I don't belong here. I don't know how I got here. I don't know what I'm supposed to do. I'd go home...but I don't know how to do that, either.

First grade is better now. I know where everything is. When I get here in the morning, I know where to hang up my coat, I know where Mrs. Prolman keeps the paper and where to find a box of those terrific fat red pencils. I feel like I belong here. Best of all, I know right where my desk is.

Reading group is wonderful. I'm very good at it, it turns out. When it's my turn to read, everyone is quiet and I can read aloud perfectly, faster than anyone else.

But now, reading group is over and we're back at our seats. Now I have to take out my Think and Do book. That's the workbook that goes with those Dick, Jane and Sally stories. I try to tell people how much I hate this stupid Think and Do workbook, but nobody listens to me, nobody cares about how much I hate to do this workbook.
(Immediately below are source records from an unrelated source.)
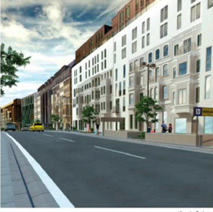
Figure 5: Tarlabaşı project drawings.

This renovation project specifically focused on protecting the historical identity of the buildings.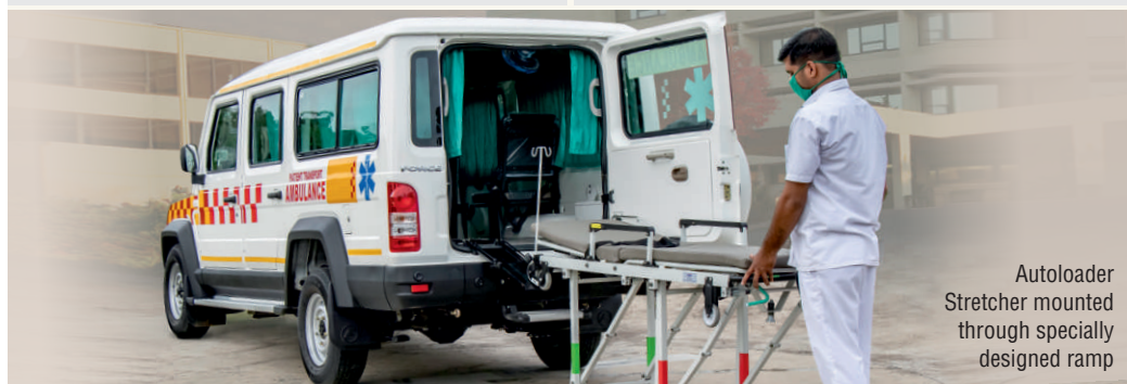
Autoloader Stretcher mounted through specially designed ramp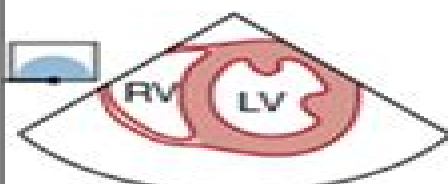
Mid SAX: 0°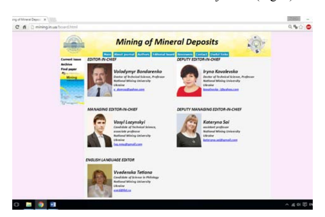
Figure 6. Editorial Board page of the journal

We have put up a new website – <a href="http://mining.in.ua">http://mining.in.ua</a>. Papers are published on the website of the journal on a daily basis. The website is in English and its artwork uses the same motifs as the new cover of the journal (Fig. 6).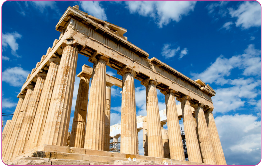
Figure 6.3 Parthenon

Ethics is thus a joint effort of all of us to preserve common humanity. Our common humanity and human dignity also provide a basis for human rights that each and every one of us possesses. But ethics extends beyond humanity and includes taking into consideration other fellow beings and the Earth as a whole, not merely because it sustains our life, but because it is valuable as such. Think about the following example that concerns animals. So-called animal ethics deals with questions about the moral status of animals and our treatment of them, for example, if it is morally permissible to raise animals in very contained spaces and use them for food as meat. Animal ethics looks for reasons for our practices involving animals and the need to change them. For example, one such reason would be that animals can feel pain just as we do.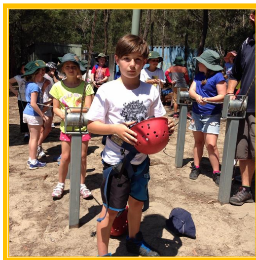
Stage Two leaving for camp and attempting the climbing wall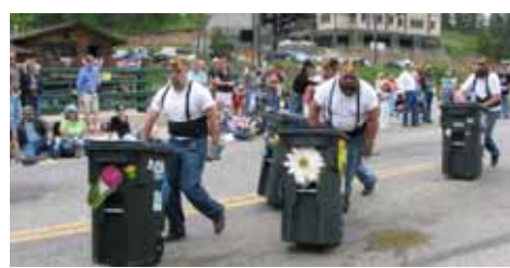
2009 Evergreen Rodeo Parade Mining for Gold in our Recycle Bins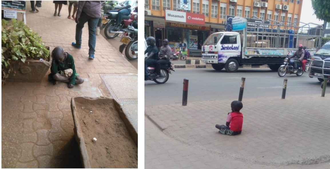
Photo 2: Karamojong children stationed to beg along different streets in Kampala

The advantage of observation is that, at times it happened like a reflex action. Sometimes I could be in town running some errands and for some reason, I started to observe what was going on along the streets. For example, there was a time when I was caught up in a traffic jam along Jinja road, and as we helplessly sat in the taxi stationed in one position, three Karamojong children surfaced suddenly. These were two boys and one girl roughly aged between eight to twelve years of age. They held small towels in their hands and quickly wiped off the dust on the car. In a moment, they came to the driver and politely asked for some money. The driver willingly gave them some coins and they quickly ran away and went to do the same thing to another car. Thereafter, there was a debate in the taxi, some people reprimanded the driver for giving the children money, accusing him of encouraging street beggars. While others applauded him for being kind to such small children who had cleaned his car. All this drew my attention and I kept wondering; can this be classified as begging or rather as a survival strategy by the children. Are they trained by their caretakers to do this, or they just do it on their own? But later when I talked to the chairman of Katwe camp where the Karamojong people resided, he told that the children are usually under the care of an adult and the cleaning of cars is a technique to attract the attention of drivers to give them something.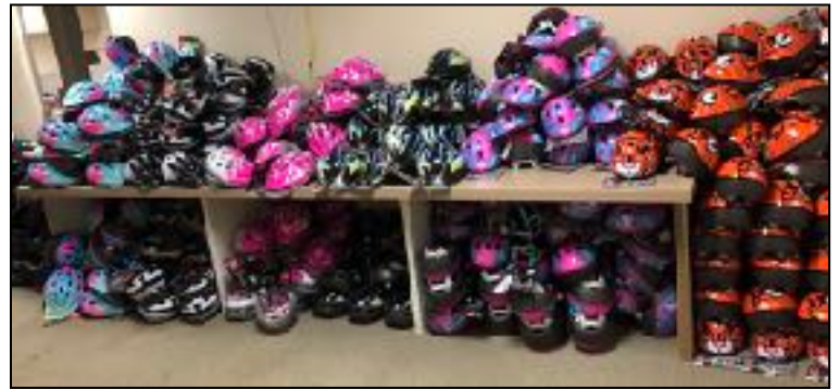
Helmets await their new owners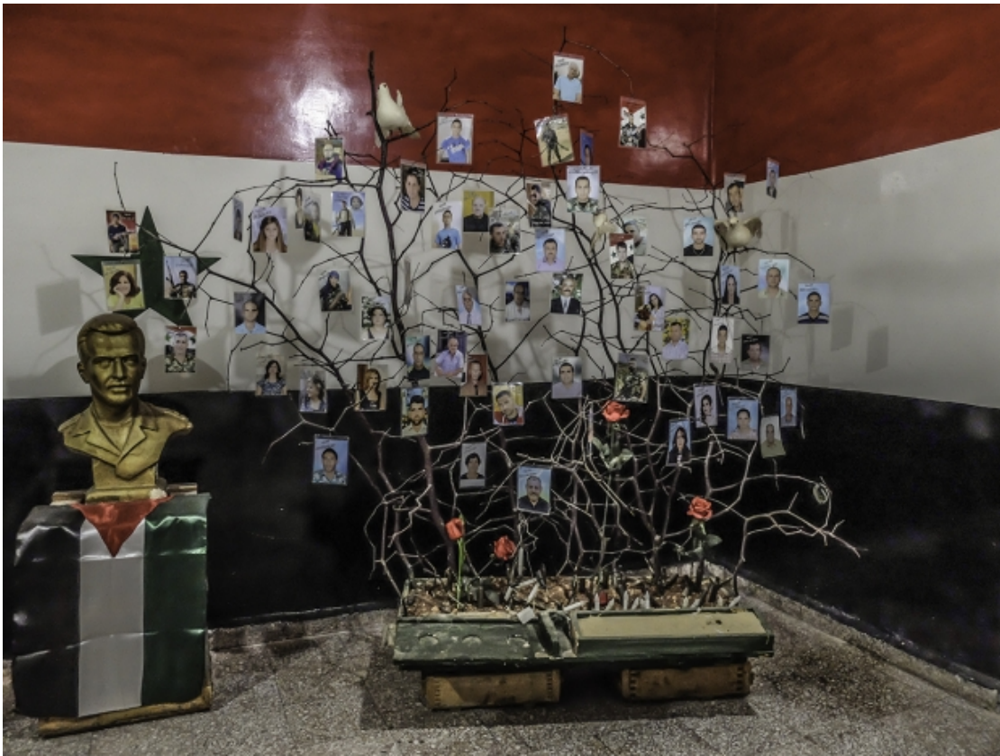
Honouring some of Mhardeh residents killed during in the war

While morale in Mhardeh remains strong, Syria's civil war and international sanctions have sent prices of most goods rocketing, and life remains tough. Every week, the Red Crescent in charge of distributing UN-supplied aid, is inundated by residents collecting boxes of essential foodstuffs.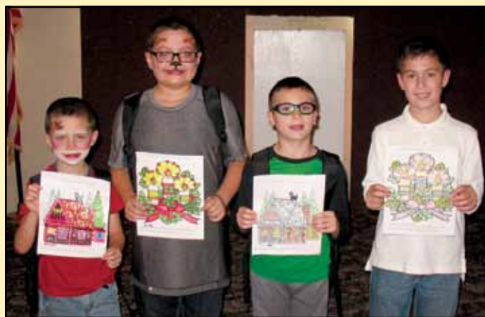
Junior Member Coloring Contest winners.

The children, their parents, aunts, uncles, and grandparents had a wonderful time and all are looking forward to the 2016 Christmas party and another visit from Svätý Mikuláš (St. Nicholas)! (To see all of the photos from this event, please go to http://www.fcsla.org/district/chicago/gallery.php )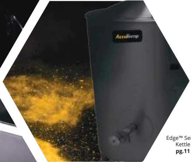
Edge™ Series Kettle pg.11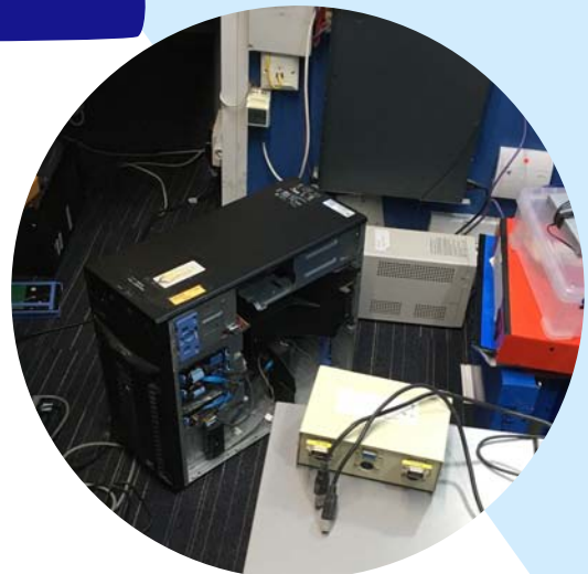
This was the new hardware being installed!

I know the story, okay? I read it. I got it. So why do I have to answer questions about it in this stupid workbook? I try to write the answers, but my letters come out all wrong and so I erase and it leaves a messy smudge so I erase harder and make a hole in the page. It's like this for every answer, just about, and on every page. Sometimes I tell Mrs. Prolman I can't find my work book, or I hide it over on the bookshelves. But she always finds it. I stare at the page with its gray smudges and holes and I imagine striking a match and burning it up right there on my desk.

Trying to do what I'm supposed to do in this workbook is like when my father sits down at the kitchen table to figure out his taxes, that's what it's like. Or when my mother sits in that same chair, doing stuff with her checkbook and bills and then she stops and buries her face in both her hands. It's like that. ...Only every day.

I'm in third grade, and do I ever love the setup in this classroom. It's a real old school and the desks and chairs are screwed into the floor. The rows stay straight all the time. I love this. And in the back of the classroom is a bookshelf with a collection of books that are like fifth or sixth grade reading level. If I get my work done, I can go back there and read anything I want, and I don't have to answer any stupid questions about it. Pure joy.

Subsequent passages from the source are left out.